I never lie when I've got sand in my shoes.

-Geordi LaForge


Star Trek: Voyager: Elogium
Kes begins eating everything in sight. Turns out she's ready to have kids - biologically, at least, but not emotionally. Luckily, she'll have another chance. Also, Chakotay and Janeway have more sexual innuendo, because we needed that.

"Good work Commander. In the future, if I have any questions about mating behavior, I'll know where to go."

- Captain Janeway

Wednesday, September 19, 2007

Free Enterprise

Well, I don't think William Shatner should rap. Ever. Again.

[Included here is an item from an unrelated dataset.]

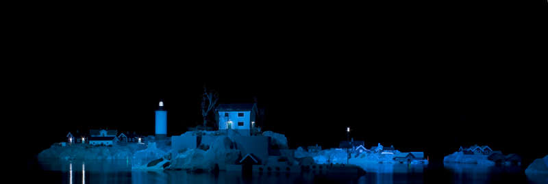 C’est que, comme c’est souvent le cas dans les œuvres photographiques trouvant leur place dans le champ de l’art contemporain, ce qu’il cherche à appréhender se trouve moins dans le présent que dans les formes irréductibles du passé. La série encore en cours aujourd’hui, intitulée Archipelago, met en scène à l’échelle 1/40 des maisons de pêcheurs dans des îles d’un archipel fictif typique de la Baltique. Nous voyons donc non seulement des maquettes mais des stéréotypes, ou plus exactement des mises en scènes en modèle réduit d’éléments issus de la mémoire collective et peu ou plus accessibles aujourd’hui parce que n’existant plus ou n’étant plus habités réellement.

And Eric McCormack will always seem gay to me, thanks to eight seasons of Will and Grace.

But Rob and Mark are me.

Tuesday, September 18, 2007

Just to clarify

This video by the AP was reviewed on trekmovie.com, but they really misrepresented it, I think. They made it sound like Quinto wasn't gonna even watch Classic Trek. "Oh no!" I thought. "This is horrible!" But then I watched the video. He doesn't say that - he says Nimoy is a better resource. Hey, if you have access, yeah, he really is.

Running Amok

Star Trek: Amok Time
Kirk gets wedged into a duel to the death with Spock. Never mind the circumstances of that - no one but the Vulcans are supposed to know. Anyway, Kirk forgets to check exactly what the duel is to, so of course he gets his ass kicked and dies.

No, wait. McCoy gave him something to simulate death and now he's all better!

This episode is the starting point for a fair amount of Trek fanfic, all of the Kirk/Spock variety.

"It has to do with... biology... Vulcan biology."
"You mean, the biology of Vulcans...?
-Spock and Kirk

Monday, September 17, 2007

Books

I just got the last of my books that I left behind when I moved out of my parents' house today, and it's so weird to see how many I actually own. I'm not doing bad at all.